Однажды ночью она отважилась на большее. Ее ментальное щупальце наткнулось на сознание начальника ночной стражи. Оно было иным — не мягкой глиной или тканью, а сложным механизмом с шестеренками долга и туго сжатыми пружинами подозрительности. Она ощутила сопротивление — едва заметную вибрацию, когда ее воля попыталась просочиться в отлаженный ход. Стражник нахмурился, стоя у своего поста, и бессознательно провел рукой по виску, словно отгоняя навязчивую муху.
Эльта не отступила. Она сконцентрировалась, сжала свою ментальную проекцию в острое, как алмазное сверло, жало и с силой, от которой заныли все зубы, вонзила его в эту психическую броню. Команда была простой и дерзкой: Обойти покои Вейнара. Дважды.
Сопротивление длилось несколько секунд. Она чувствовала, как его собственная воля, выкованная годами дисциплины, отчаянно борется с чужеродным вторжением. Потом раздался не звук, а ощущение — тихий, ментальный хруст, словно ломалась крошечная кость. Стражник резко выпрямился, его лицо стало пустым, лишенным выражения, и он, четким маршевым шагом, направился в запретную зону.
Эльта разорвала контакт. Ее вырвало обратно в собственное тело с такой силой, что она ударилась затылком о камень. Из носа и ушей хлынула кровь, алая, живая струйка, оскверняющая безупречную белизну мрамора. Но хуже боли был привкус чужого сознания на своем — горький, как пепел, и липкий, как смола.

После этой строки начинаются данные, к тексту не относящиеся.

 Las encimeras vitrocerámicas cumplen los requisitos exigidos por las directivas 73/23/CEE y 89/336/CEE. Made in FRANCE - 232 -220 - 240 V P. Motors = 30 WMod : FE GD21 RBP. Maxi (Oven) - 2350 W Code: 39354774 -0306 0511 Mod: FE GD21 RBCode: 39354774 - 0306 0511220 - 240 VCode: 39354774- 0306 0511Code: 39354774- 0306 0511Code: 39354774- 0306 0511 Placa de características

Она чувствовала, как в ее собственную память вплелись обрывки его страха: образ старухи-матери, запах дешевого табака, щемящее чувство долга. Это были не мысли, а психический шлак, мусор, который теперь навсегда стал частью ее. Она сидела, тяжело дыша, и смотрела на алое пятно, на доказательство ее победы и ее падения. Каждая такая победа отнимала у нее кусок ее самой, замещая ее личность чужими осколками. Она сидела, тяжело дыша, и смотрела на алое пятно, на доказательство ее победы и ее падения. И впервые за долгие недеи ее губы растянулись в улыбке. Не холодной и расчетливой, а дикой, животной, оскалом хищника, впервые учуявшего кровь.
Она нашла не дверь в своей золотой клетке. Она нашла щель. И просунула в нее не палец, а окровавленное, психическое лезвие.

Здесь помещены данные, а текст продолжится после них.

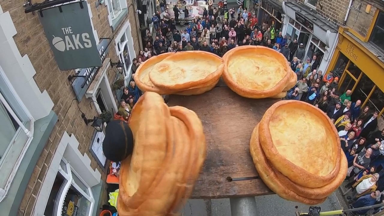 VIDÉO1: 12VideoBlack Pudding Lobbers visent dans la tradition annuelle de l’anglais il y a 3 heures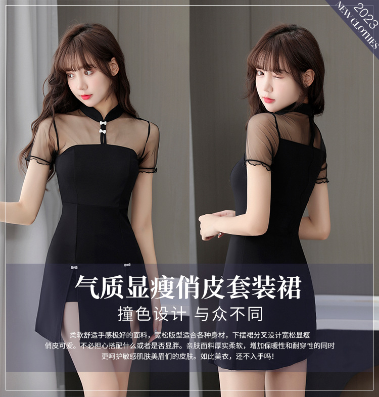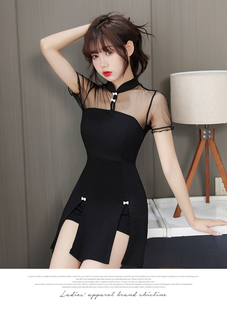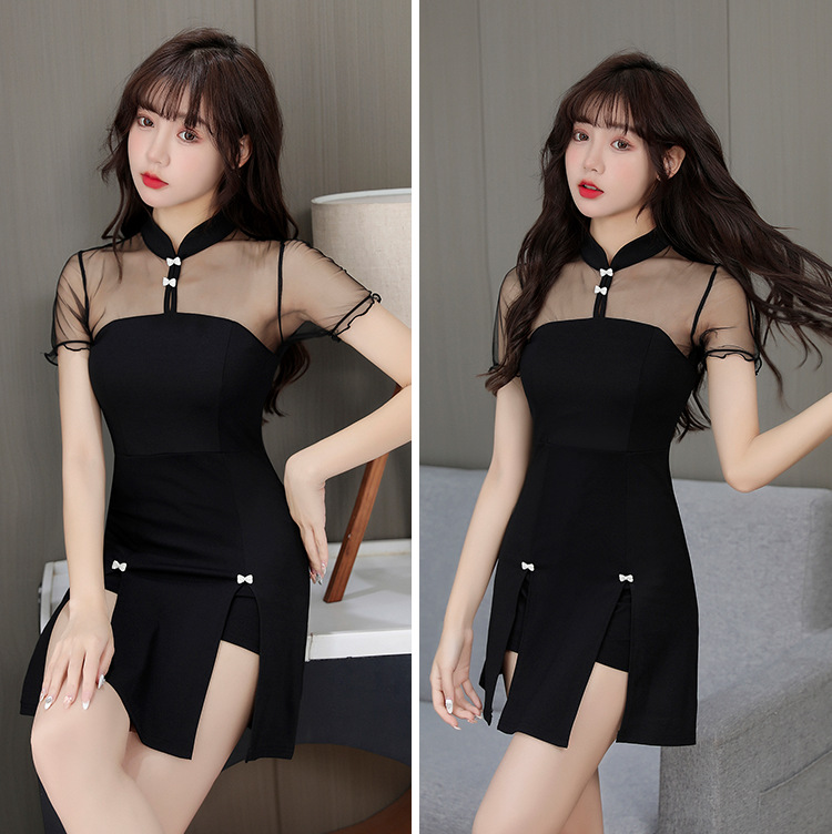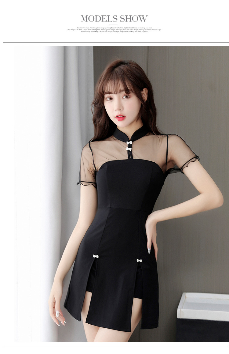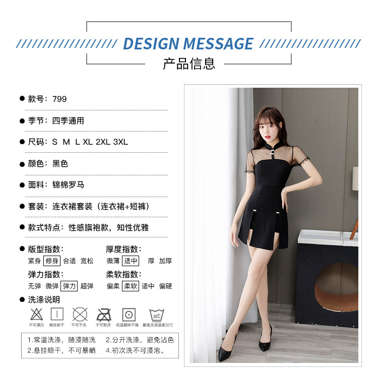 Костюм стримерши: платье-ципао с вырезами, модифицированная версия, униформа для работника баня, комплект 799, модифицированное ципао

Подойдя к окну, она прикоснулась пальцами к холодному, идеально прозрачному стеклу. За ним бушевала беззвучная ночь. Где-то в стерильных коридорах ходил человек, чью волю она только что сломала. Где-то спали слуги, в чьи сны она могла теперь привнести кошмар или навязать сладкую, обманчивую грезу.
Она была призраком в этой отлаженной машине. Невидимым, неслышимым, неосязаемым. Но призраком, который учился нажимать на рычаги.
И первый, робкий, призрачный шепот уже прозвучал. Ей не терпелось узнать, услышит ли Вейнар, когда этот шепот превратится в голос, обращенный прямо к нему.
Глава 48: "Невидимая паутина"
Воздух в ее покоях больше не был стерильным. Он был насыщен незримыми вибрациями, гудел низкочастотным гудением неслышимых приказов и ментальных манипуляций. Эльта вдыхала эту новую атмосферу, и каждый вдох отдавался в ней холодным, металлическим эхом, словно она глотала ртуть. Ее астральные упражнения превратились из отчаянных попыток бегства в методичный, почти инженерный процесс. Если раньше она слепо швыряла в темноту обрубки воли, то теперь она ткала. Ткала паутину.